> **What needs to be done**:
Repeat exactly the lines of the entries below from the one with "TYON’T BUY STARCH" through the one with "Taza de Cerámica", both ends included, and nothing else.

> **Material supplied**:
*-*-*

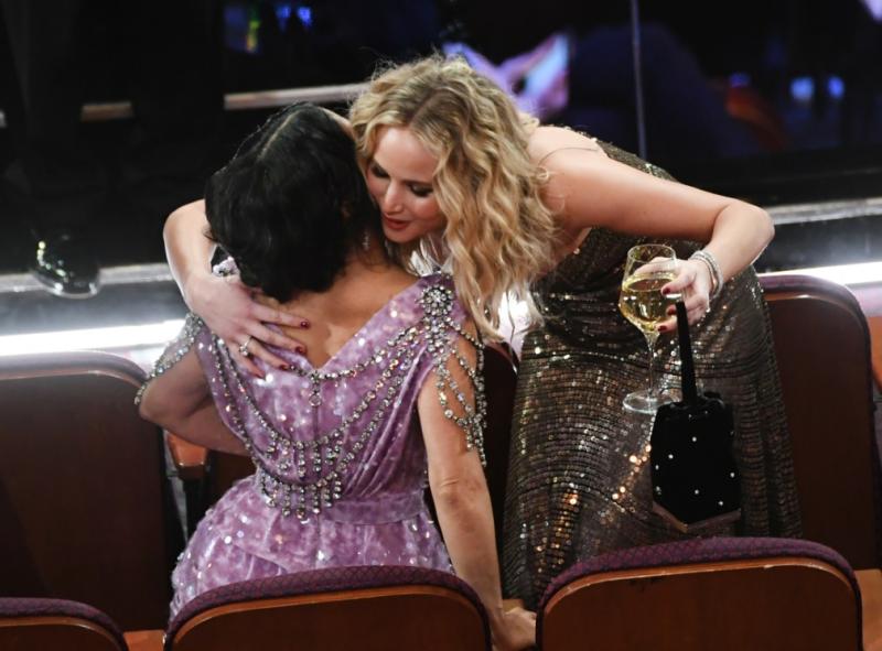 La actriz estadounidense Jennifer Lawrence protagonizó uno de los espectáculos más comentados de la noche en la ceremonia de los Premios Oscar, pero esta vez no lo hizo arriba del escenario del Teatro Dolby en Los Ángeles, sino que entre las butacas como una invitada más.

*-*-*

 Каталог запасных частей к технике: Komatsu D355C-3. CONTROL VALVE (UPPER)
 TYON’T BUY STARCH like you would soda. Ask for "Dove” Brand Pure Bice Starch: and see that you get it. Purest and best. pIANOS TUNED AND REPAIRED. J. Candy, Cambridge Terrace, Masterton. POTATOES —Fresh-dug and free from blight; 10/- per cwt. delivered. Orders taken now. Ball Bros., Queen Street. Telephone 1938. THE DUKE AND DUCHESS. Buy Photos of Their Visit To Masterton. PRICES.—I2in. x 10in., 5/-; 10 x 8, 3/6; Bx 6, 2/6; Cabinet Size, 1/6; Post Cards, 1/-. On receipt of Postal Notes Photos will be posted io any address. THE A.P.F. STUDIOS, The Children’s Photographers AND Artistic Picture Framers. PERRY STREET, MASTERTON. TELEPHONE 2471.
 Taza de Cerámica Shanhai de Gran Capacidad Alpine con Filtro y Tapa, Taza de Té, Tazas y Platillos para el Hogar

*-*-*

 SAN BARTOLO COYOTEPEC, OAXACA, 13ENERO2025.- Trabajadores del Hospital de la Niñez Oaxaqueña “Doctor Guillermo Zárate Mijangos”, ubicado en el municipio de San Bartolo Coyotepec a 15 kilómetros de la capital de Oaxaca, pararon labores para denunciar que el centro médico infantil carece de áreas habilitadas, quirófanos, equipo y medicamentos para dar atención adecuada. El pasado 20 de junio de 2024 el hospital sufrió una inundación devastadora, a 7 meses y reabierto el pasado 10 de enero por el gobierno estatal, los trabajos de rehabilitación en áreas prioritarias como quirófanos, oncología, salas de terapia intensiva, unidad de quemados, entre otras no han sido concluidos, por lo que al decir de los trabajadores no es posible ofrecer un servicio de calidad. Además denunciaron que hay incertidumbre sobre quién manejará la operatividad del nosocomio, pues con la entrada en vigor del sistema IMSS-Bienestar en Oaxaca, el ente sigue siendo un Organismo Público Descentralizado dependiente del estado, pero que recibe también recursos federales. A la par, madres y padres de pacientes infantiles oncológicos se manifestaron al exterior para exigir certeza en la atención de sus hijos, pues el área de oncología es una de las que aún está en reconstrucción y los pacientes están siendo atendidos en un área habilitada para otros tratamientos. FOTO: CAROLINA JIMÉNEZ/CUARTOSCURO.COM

*-*-*

> **Response to this task**:
 TYON’T BUY STARCH like you would soda. Ask for "Dove” Brand Pure Bice Starch: and see that you get it. Purest and best. pIANOS TUNED AND REPAIRED. J. Candy, Cambridge Terrace, Masterton. POTATOES —Fresh-dug and free from blight; 10/- per cwt. delivered. Orders taken now. Ball Bros., Queen Street. Telephone 1938. THE DUKE AND DUCHESS. Buy Photos of Their Visit To Masterton. PRICES.—I2in. x 10in., 5/-; 10 x 8, 3/6; Bx 6, 2/6; Cabinet Size, 1/6; Post Cards, 1/-. On receipt of Postal Notes Photos will be posted io any address. THE A.P.F. STUDIOS, The Children’s Photographers AND Artistic Picture Framers. PERRY STREET, MASTERTON. TELEPHONE 2471.
 Taza de Cerámica Shanhai de Gran Capacidad Alpine con Filtro y Tapa, Taza de Té, Tazas y Platillos para el Hogar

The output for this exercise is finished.